## [Task description]
A full, word-for-word copy of the listing below is needed; leave the images out of it.

## [Source material]
%%

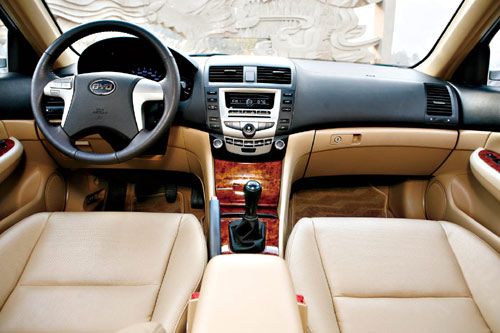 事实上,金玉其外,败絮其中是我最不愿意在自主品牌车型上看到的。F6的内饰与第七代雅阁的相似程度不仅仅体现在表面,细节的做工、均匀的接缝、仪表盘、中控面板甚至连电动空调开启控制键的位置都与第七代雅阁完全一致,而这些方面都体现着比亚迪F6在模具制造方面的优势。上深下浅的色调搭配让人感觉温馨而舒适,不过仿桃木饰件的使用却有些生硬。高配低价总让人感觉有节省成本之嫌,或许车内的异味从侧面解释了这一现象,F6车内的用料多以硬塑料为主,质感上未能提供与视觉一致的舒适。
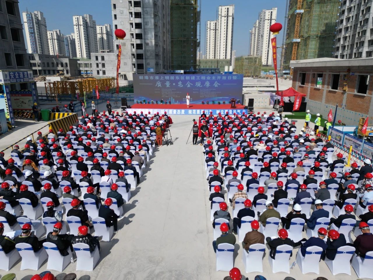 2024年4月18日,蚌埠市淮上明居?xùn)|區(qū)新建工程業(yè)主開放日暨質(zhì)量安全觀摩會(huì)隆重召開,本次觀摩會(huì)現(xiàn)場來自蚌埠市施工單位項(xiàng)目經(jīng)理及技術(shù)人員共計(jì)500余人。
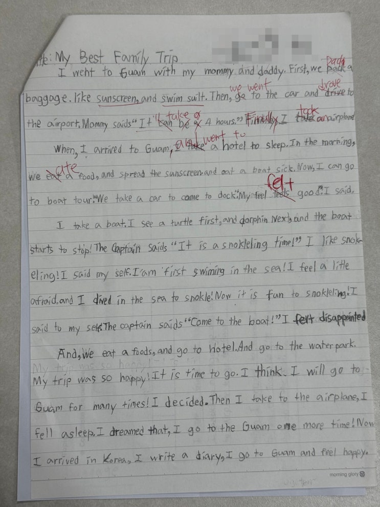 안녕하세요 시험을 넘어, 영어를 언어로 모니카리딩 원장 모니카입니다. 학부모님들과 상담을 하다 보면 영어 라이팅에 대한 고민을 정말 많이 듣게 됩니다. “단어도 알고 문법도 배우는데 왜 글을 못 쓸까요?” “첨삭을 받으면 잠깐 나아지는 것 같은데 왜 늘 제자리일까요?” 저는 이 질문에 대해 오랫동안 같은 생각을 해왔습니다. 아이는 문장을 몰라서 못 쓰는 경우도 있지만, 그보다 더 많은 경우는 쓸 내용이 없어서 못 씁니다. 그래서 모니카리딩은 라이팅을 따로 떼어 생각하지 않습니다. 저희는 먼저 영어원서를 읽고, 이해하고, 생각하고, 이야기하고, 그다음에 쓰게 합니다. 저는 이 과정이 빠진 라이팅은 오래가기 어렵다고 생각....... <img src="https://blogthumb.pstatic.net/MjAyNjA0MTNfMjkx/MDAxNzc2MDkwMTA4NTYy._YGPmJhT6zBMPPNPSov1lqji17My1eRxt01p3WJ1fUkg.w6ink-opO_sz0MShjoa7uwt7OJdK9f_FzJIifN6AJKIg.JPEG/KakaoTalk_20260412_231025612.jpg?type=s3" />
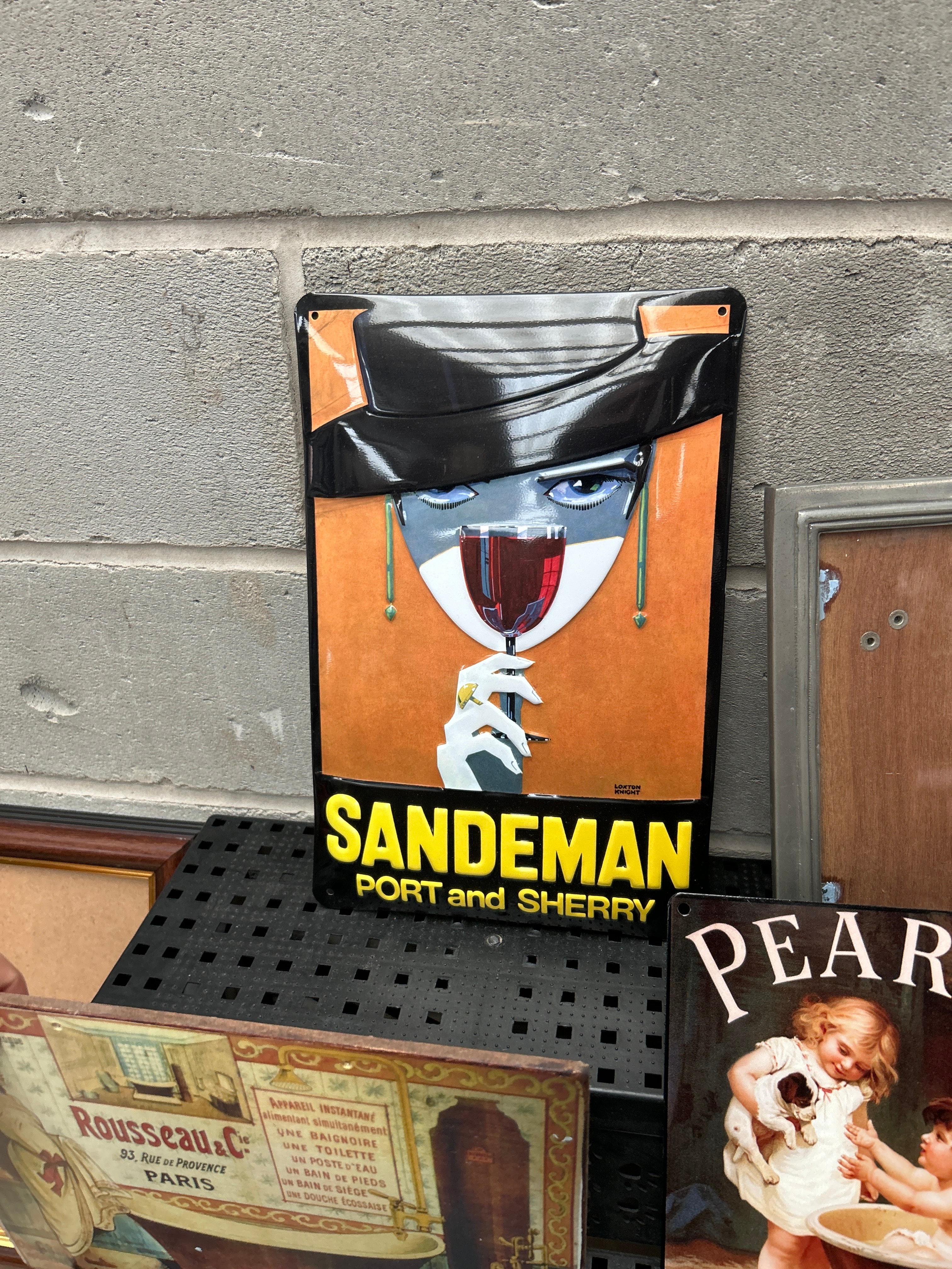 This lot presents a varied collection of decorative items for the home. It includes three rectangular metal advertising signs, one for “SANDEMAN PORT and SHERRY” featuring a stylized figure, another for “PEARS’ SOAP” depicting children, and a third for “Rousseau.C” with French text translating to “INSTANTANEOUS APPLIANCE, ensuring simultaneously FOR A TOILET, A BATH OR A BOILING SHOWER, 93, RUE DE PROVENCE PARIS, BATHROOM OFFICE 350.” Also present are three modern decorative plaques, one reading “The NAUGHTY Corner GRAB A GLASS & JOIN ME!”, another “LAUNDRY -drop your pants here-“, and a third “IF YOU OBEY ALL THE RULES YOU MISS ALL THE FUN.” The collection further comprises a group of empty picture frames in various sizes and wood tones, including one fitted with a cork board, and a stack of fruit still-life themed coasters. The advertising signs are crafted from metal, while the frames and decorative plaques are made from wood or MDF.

%%

## [Reply]
 事实上,金玉其外,败絮其中是我最不愿意在自主品牌车型上看到的。F6的内饰与第七代雅阁的相似程度不仅仅体现在表面,细节的做工、均匀的接缝、仪表盘、中控面板甚至连电动空调开启控制键的位置都与第七代雅阁完全一致,而这些方面都体现着比亚迪F6在模具制造方面的优势。上深下浅的色调搭配让人感觉温馨而舒适,不过仿桃木饰件的使用却有些生硬。高配低价总让人感觉有节省成本之嫌,或许车内的异味从侧面解释了这一现象,F6车内的用料多以硬塑料为主,质感上未能提供与视觉一致的舒适。
 2024年4月18日,蚌埠市淮上明居?xùn)|區(qū)新建工程業(yè)主開放日暨質(zhì)量安全觀摩會(huì)隆重召開,本次觀摩會(huì)現(xiàn)場來自蚌埠市施工單位項(xiàng)目經(jīng)理及技術(shù)人員共計(jì)500余人。
 안녕하세요 시험을 넘어, 영어를 언어로 모니카리딩 원장 모니카입니다. 학부모님들과 상담을 하다 보면 영어 라이팅에 대한 고민을 정말 많이 듣게 됩니다. “단어도 알고 문법도 배우는데 왜 글을 못 쓸까요?” “첨삭을 받으면 잠깐 나아지는 것 같은데 왜 늘 제자리일까요?” 저는 이 질문에 대해 오랫동안 같은 생각을 해왔습니다. 아이는 문장을 몰라서 못 쓰는 경우도 있지만, 그보다 더 많은 경우는 쓸 내용이 없어서 못 씁니다. 그래서 모니카리딩은 라이팅을 따로 떼어 생각하지 않습니다. 저희는 먼저 영어원서를 읽고, 이해하고, 생각하고, 이야기하고, 그다음에 쓰게 합니다. 저는 이 과정이 빠진 라이팅은 오래가기 어렵다고 생각....... <img src="https://blogthumb.pstatic.net/MjAyNjA0MTNfMjkx/MDAxNzc2MDkwMTA4NTYy._YGPmJhT6zBMPPNPSov1lqji17My1eRxt01p3WJ1fUkg.w6ink-opO_sz0MShjoa7uwt7OJdK9f_FzJIifN6AJKIg.JPEG/KakaoTalk_20260412_231025612.jpg?type=s3" />
 This lot presents a varied collection of decorative items for the home. It includes three rectangular metal advertising signs, one for “SANDEMAN PORT and SHERRY” featuring a stylized figure, another for “PEARS’ SOAP” depicting children, and a third for “Rousseau.C” with French text translating to “INSTANTANEOUS APPLIANCE, ensuring simultaneously FOR A TOILET, A BATH OR A BOILING SHOWER, 93, RUE DE PROVENCE PARIS, BATHROOM OFFICE 350.” Also present are three modern decorative plaques, one reading “The NAUGHTY Corner GRAB A GLASS & JOIN ME!”, another “LAUNDRY -drop your pants here-“, and a third “IF YOU OBEY ALL THE RULES YOU MISS ALL THE FUN.” The collection further comprises a group of empty picture frames in various sizes and wood tones, including one fitted with a cork board, and a stack of fruit still-life themed coasters. The advertising signs are crafted from metal, while the frames and decorative plaques are made from wood or MDF.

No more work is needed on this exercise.